### WHAT TO DO
Repeat the listing below exactly. Pictures do not belong in the copy.
GIVEN INFORMATION below:
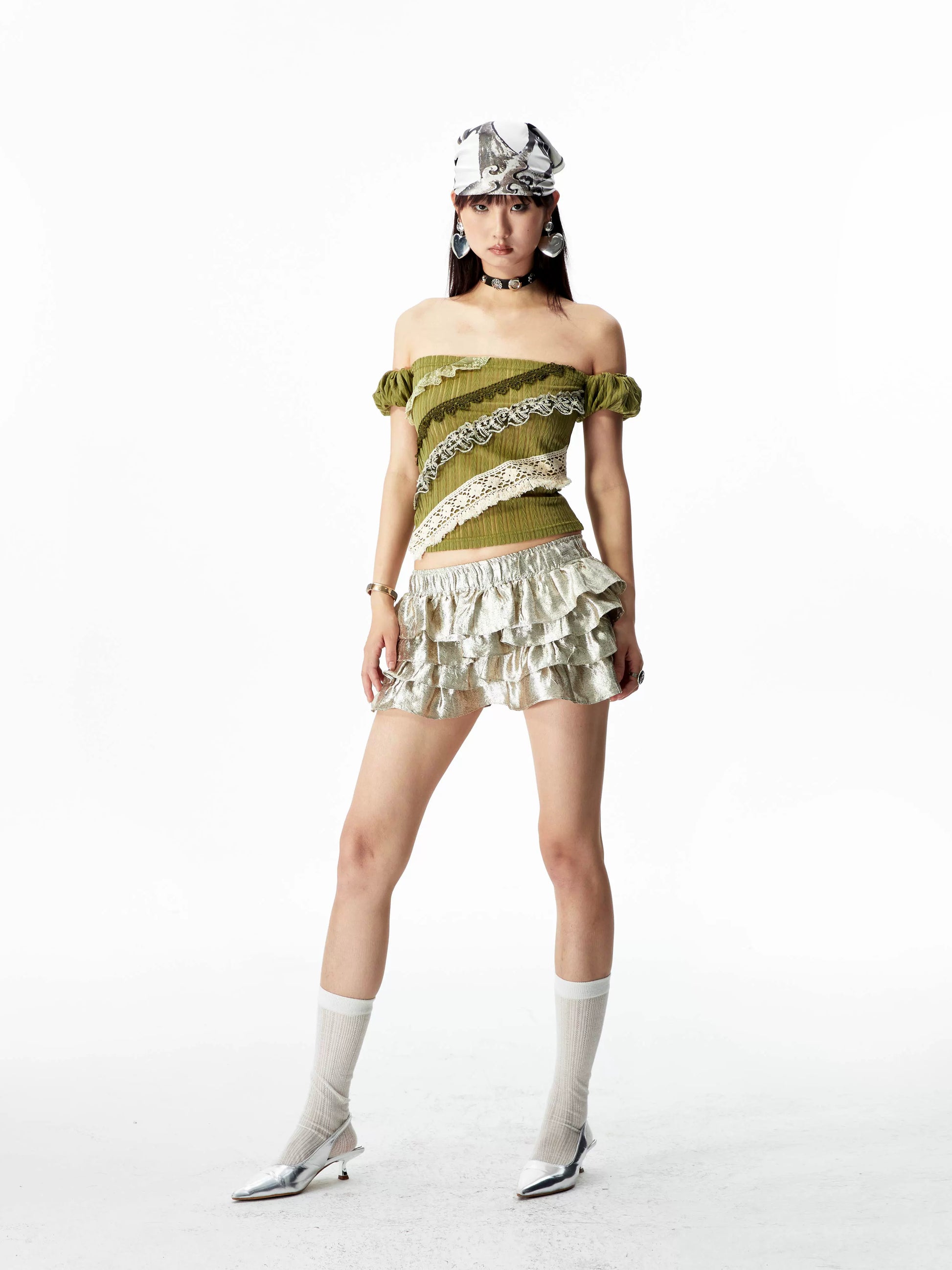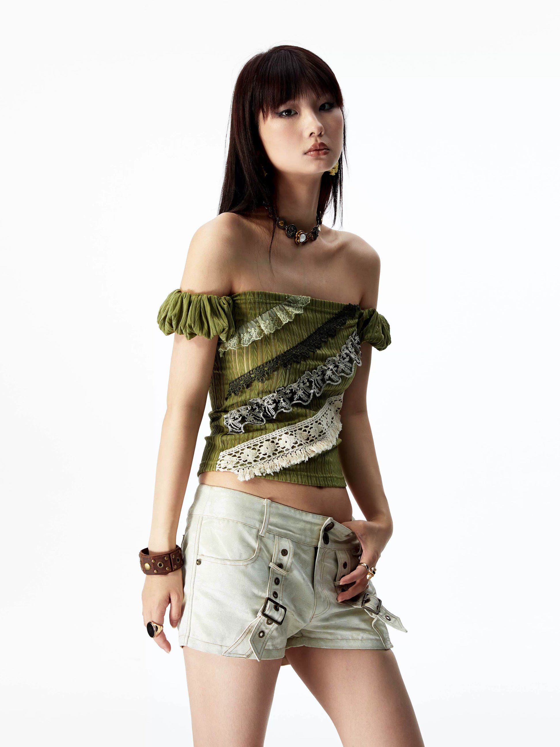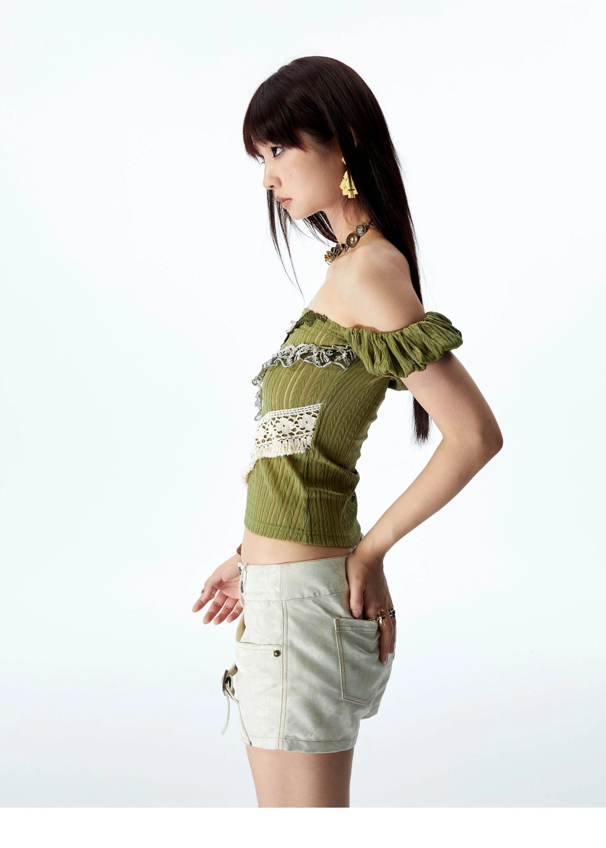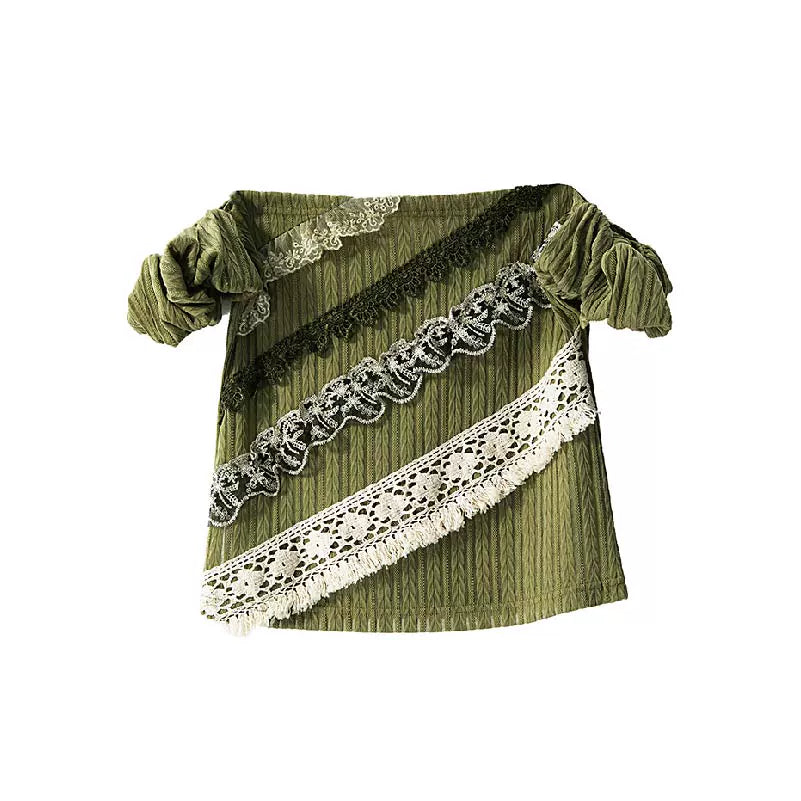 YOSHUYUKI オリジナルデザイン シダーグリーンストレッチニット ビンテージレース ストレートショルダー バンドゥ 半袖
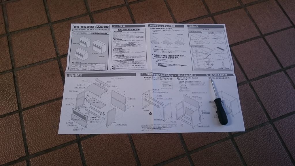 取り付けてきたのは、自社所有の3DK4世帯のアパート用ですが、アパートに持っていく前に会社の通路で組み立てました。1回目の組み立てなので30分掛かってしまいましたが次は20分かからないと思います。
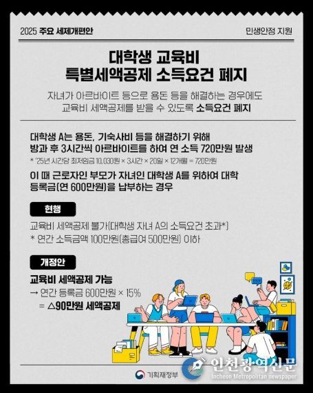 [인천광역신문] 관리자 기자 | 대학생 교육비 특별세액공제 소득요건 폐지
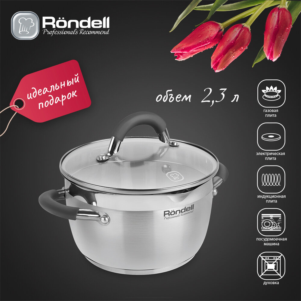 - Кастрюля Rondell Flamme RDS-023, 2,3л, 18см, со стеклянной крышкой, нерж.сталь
End of GIVEN INFORMATION.
### ANSWER SECTION
 YOSHUYUKI オリジナルデザイン シダーグリーンストレッチニット ビンテージレース ストレートショルダー バンドゥ 半袖
 取り付けてきたのは、自社所有の3DK4世帯のアパート用ですが、アパートに持っていく前に会社の通路で組み立てました。1回目の組み立てなので30分掛かってしまいましたが次は20分かからないと思います。
 [인천광역신문] 관리자 기자 | 대학생 교육비 특별세액공제 소득요건 폐지
 - Кастрюля Rondell Flamme RDS-023, 2,3л, 18см, со стеклянной крышкой, нерж.сталь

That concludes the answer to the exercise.